L'Incroyable Famille Kardashian par Alligator
Il existe une incroyable famille, la mienne, dans laquelle ma femme m'oblige à voir cette émission sur E quand SFR nous ouvre les droits deux fois l'an gratuitement. Une semaine de E équivaut à une semaine de Kardashian et autres Real housewives. Chacun sa croix.
À force de regarder cette chose bizarre, ce concept hallucinant, j'en viens à me poser des questions existentielles... ou disons moins sérieusement sur la télévision en général, sur l'état d'une civilisation qui pond ça et sur ma femme qui jubile devant et sur moi qui prend goût à jubiler de conserve... Je sais bien que de tout temps il y eut des spectacles navrants et des spectateurs jubilants. Je sais, mais je ne peux m'empêcher de me demander si on atteint pas là le fond du fond. Illusion d'optique qui se répète de génération en génération. Non, mon vieux ce n'était pas mieux avant. Reste ce sentiment que l'on est peu de chose. Voilà où me mènent les gesticulations des Kardashians! Comment a-t-on pu penser à faire ce genre de télévision? Pourquoi regarde-t-on ça? Qu'est-ce qu'il y a derrière tout ça?
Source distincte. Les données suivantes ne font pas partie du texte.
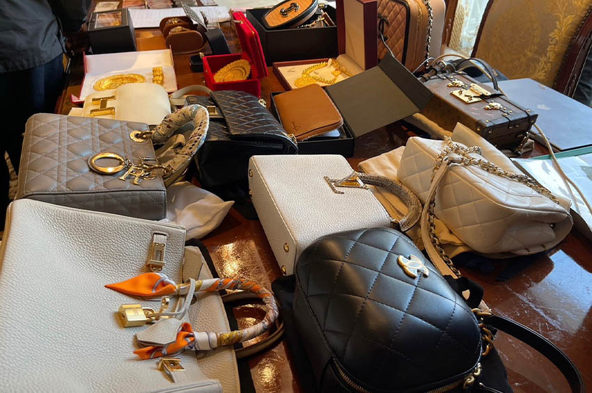 ทั้งนี้ได้ทำการตรวจยึดของกลาง อาทิ รถยนต์บุหรี่จีนและไวน์หนีภาษีจำนวนหนึ่ง ตู้เชฟ 3 ตู้ บุหรี่ไฟฟ้า อุปกรณ์เล่นไพ่นกกระจอก ตลอดจนกระเป๋าเสื้อผ้าแบรนด์เนมจำนวนหนึ่งไว้ตรวจสอบ
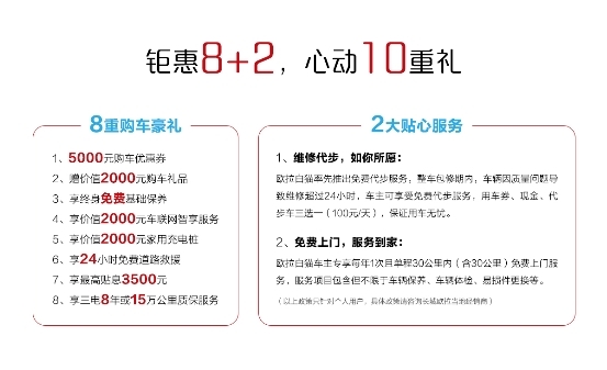 除了优越的性能帮助节省用车成本,欧拉白猫还有多重福利加码,进一步减轻我们的购车成本。我们去天猫长城汽车官方旗舰店购买欧拉白猫,就能够享受8重购车豪礼+2大贴心服务:用户支付9.9元意向金即可到手5000元购车优惠券,并获赠价值2000元的购车礼品;前300名支付2000元大额定金的用户,还能与意向金权益叠加再享6重豪礼。2大贴心服务包括:率先升级的维修补偿服务,以及贴心周到的免费上门服务,不得不说,这样的豪华大礼包,属实够贴心!

Quelles sont les équivalences?
Moi qui regarde parfois de sombres bouses cinématographiques, de bons gros nanars, j'essaie en fait de donner un sens rapprochant, comme s'il y avait une "télé-nanar" que l'on regarderait sans y croire, mais en se posant toujours la question du réel derrière le feint, le scénario. Je me demande bien ce qui peut pousser des gens sensés (merde, oui quand même, on passe pas notre temps devant une télé aussi plate sans arrêt!) peuvent se divertir avec ce fatras hypocrite et factice jusqu'au bout des ongles manucurés. Il faut croire que ma femme et moi ne sommes pas si "sensés" que je voudrais le croire. Tout simplement je crains bien que ce ne soit la seule raison. Au moins cette émission aura le mérite de me ramener un peu sur terre. Une émission de télé-réalité peut rendre humble celui qui la regarde. Mais le monde reste encore plus mystérieux par sa complexité : on peut lire "le débat" ou "Commentaires" et regarder "Cauchemar en cuisine" ou les Kardashians.
Pour ceux qui ne connaîtraient pas cette dernière, il s'agit de l'histoire très creuse d'une famille millionnaire de névrosés californiens menée par une mère omnipotente, une marâtre qui rend ses filles aussi hystériques qu'elle, qui coupe les coucougnettes de tous les hommes alentour, à commencer par son fils et son mari envahis par toutes ces donzelles exubérantes et castratrices.
C'est vide. On nous sert un pseudo problème par épisode avec sa solution en guise de morale à deux balles pour conclure. On y aligne connerie sur cliché. On se plaint, on chouine, on gueule, on se rabaisse, on crise, mais tout finit par un sempiternel "la famille et l'amour avent tout" qui pue l'écriture de scénaristes mal besogneux.
Le tout est parfaitement incohérent. Car ce qui est indéniable, c'est bel et bien l'emprise du fric et des apparences chez tout ce petit monde. La mère maquerelle a beau singer l'amour épanouissant de la famille vertueuse, elle n'est qu'une femme chef d'entreprise, de l'image de ses filles, surtout de la première, Kim. Le pire, c'est qu'il n'y en a pas un pour relever l'autre. Alcoolisme, addictions diverses forment le lot des boulets que ces pauvres gens traînent pour supporter ce cynisme et cette hypocrisie constants. Je suppose alors que les téléspectateurs sont censés se sentir mieux en se comparant à cette engeance déplorable et vulgaire? C'est juste ça? Il va falloir que j'arrête ce genre d'émission. Pernicieux tout ça hein?
Bon après tout ce verbiage de vierge effarouchée (en fait d'hypocrisie, je me pose là hein?), il n'en demeure pas moins que j'ai regardé cette chose avec les yeux tout ronds, me demandant bien ce qui se passait devant moi, et petit à petit, à en rire... oui, de la nanaritude de la télé on peut bel et bien former un concept qui peut expliquer que cela fasse du tabac. On n'aime pas mais on regarde quand même. Autre vérité obligée, le taux de lassitude est également très fort sur ce genre de shows. Arrive en effet un moment où l'on sature et où les personnages apparaissent de plus en plus difformes et emmerdants. Le consensus sur la fausse "réalité" qu'on nous montre ne fonctionne plus. On se rase.